Tuesday, September 23, 2008

Top Ten Strategies for Long Term Ministry

TOP TEN STRATEGIES
FOR LONG TERM MINISTRY


A few months ago I was thinking about the future of pastoral ministry. I am aware of all the current difficulties in modern ministry. But as I continued to think about the future the question slowly formed in my mind, “What are the best strategies for maintaining a healthy ministry for the long haul?” To help me with this question I emailed a group of friends all of whom are either counselors to pastors or provide ongoing care to pastors and missionaries. I asked them “What would you consider to be the top ten strategies a pastor could use to stay healthy in the next five to ten years?” After I received their responses I sorted and edited them into a Top Ten List of Strategies.

The list is as follows:

10. Be a servant leader of leaders in your church
9. Make People More Important than Programs
8. Have a Best Friend
7. Have a Hobby that you do on a regular basis
6. Have a Clear understanding that your Call into ministry is from God
5. Take Time in Spiritual Formation
4. Remember your self-image is who you are in Christ not what you do;
3. Take a Regular Day Off.
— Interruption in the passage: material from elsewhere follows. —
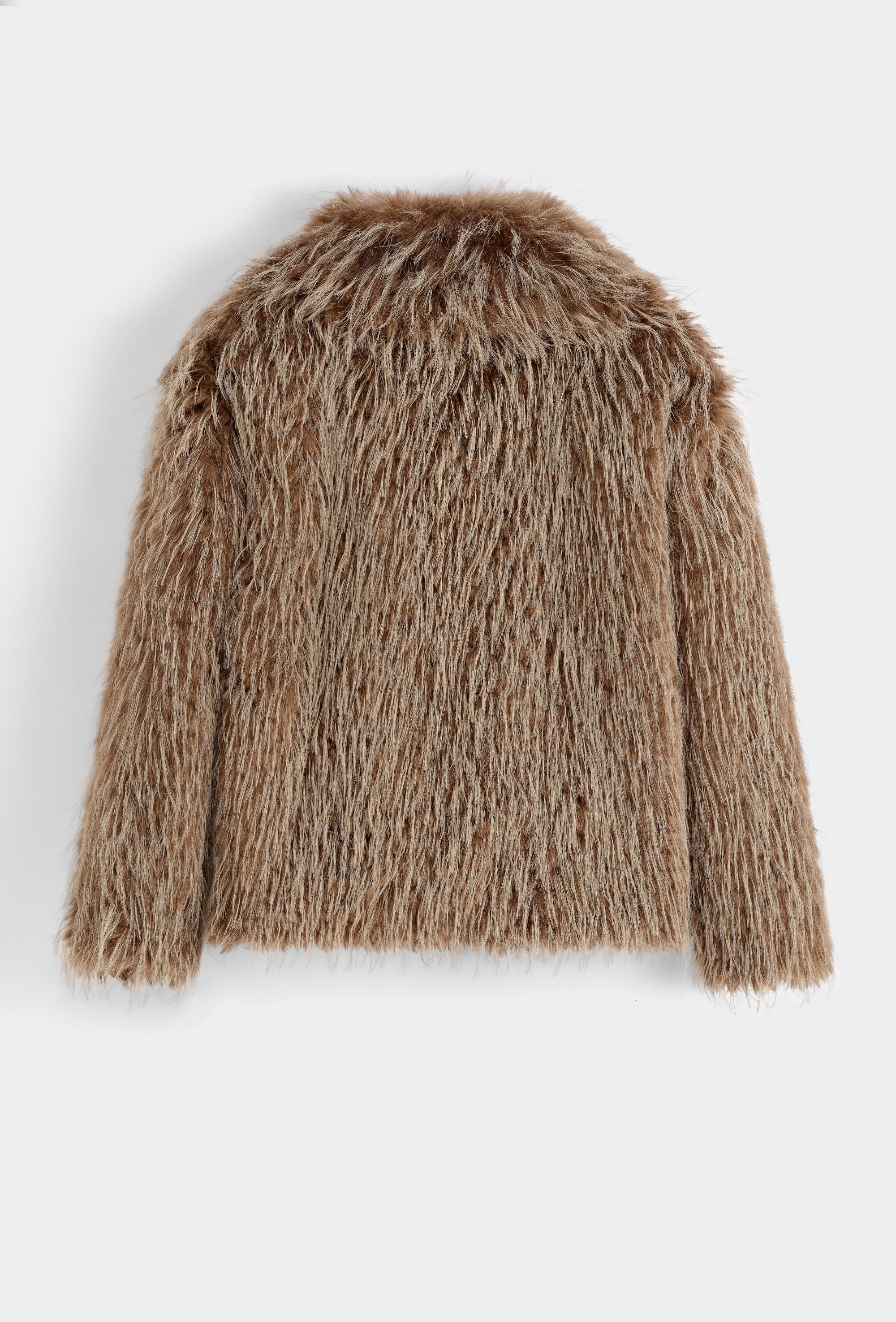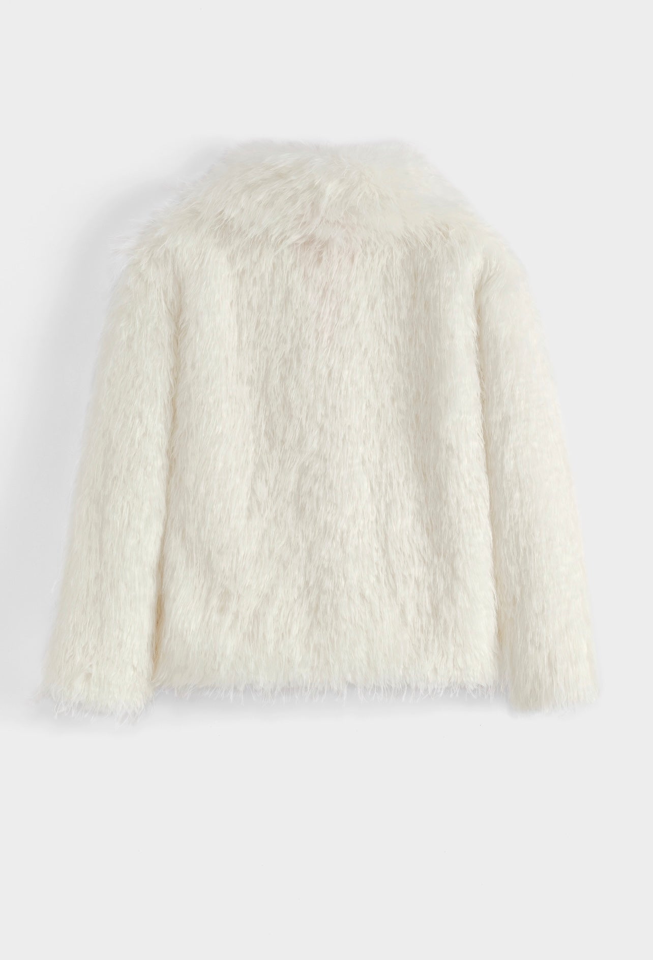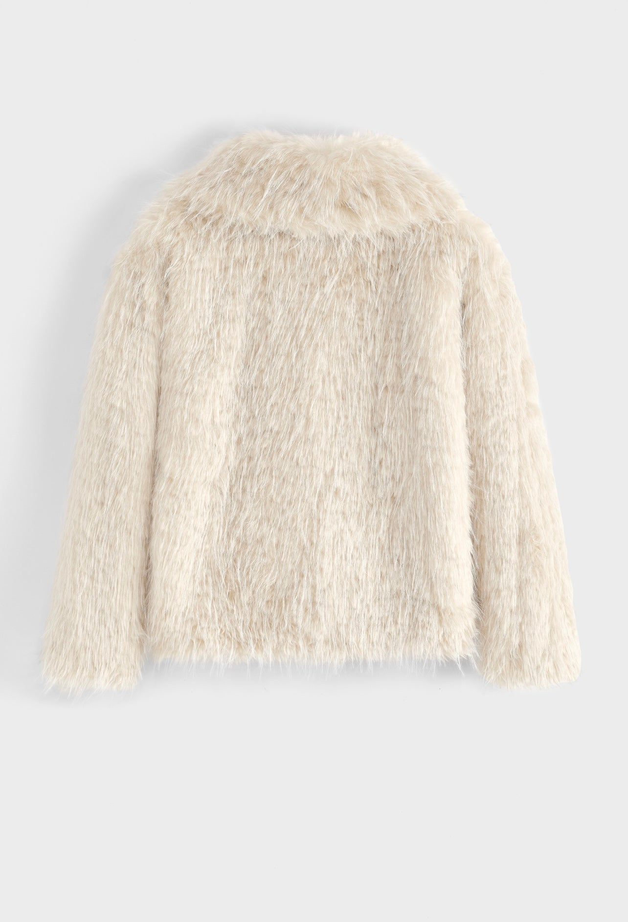 Veste en fourrure shaggy synthétique. Col à revers large structuré. Manches longues droites. Fermeture frontale par bouton-pression invisibles.

A Sabbath Day
2. Maintain a Vibrant Marital Life
1. Maintain a Vibrant Healthy Relationship with God, Father, Son, Holy Spirit

These aren’t earth shaking new revelations. In fact they have been around for many years, and many pastors and missionaries have been doing them for a long time. But they are a clean list of things we as pastors and missionaries can do to remain emotionally, and spiritually healthy while leading a church or ministry. Some of them are self explanatory and others require a little thinking. They all require us to be intentional about doing them in a positive helpful way.

10. Be a servant leader of leaders in your church

This is the key to leadership in the church. As we have been taught this is the leadership model of Jesus. Some key points to this style of leadership that keeps us healthy is to be a team player with your lay leaders. The emphasis is on the fact that this is ‘our’ ministry not ‘my’ ministry. We also need to learn a healthy use of authority and not shift in to the model of ‘my way or the highway.’ It is too easy to shift into a hard line leadership model instead of encouraging team work and mutual accountability. The last key point in servant leadership is to lead with quietness and strength. The idea is to be a non-anxious leader, letting our authority come from our relationship with God and not out of our own need to be in control.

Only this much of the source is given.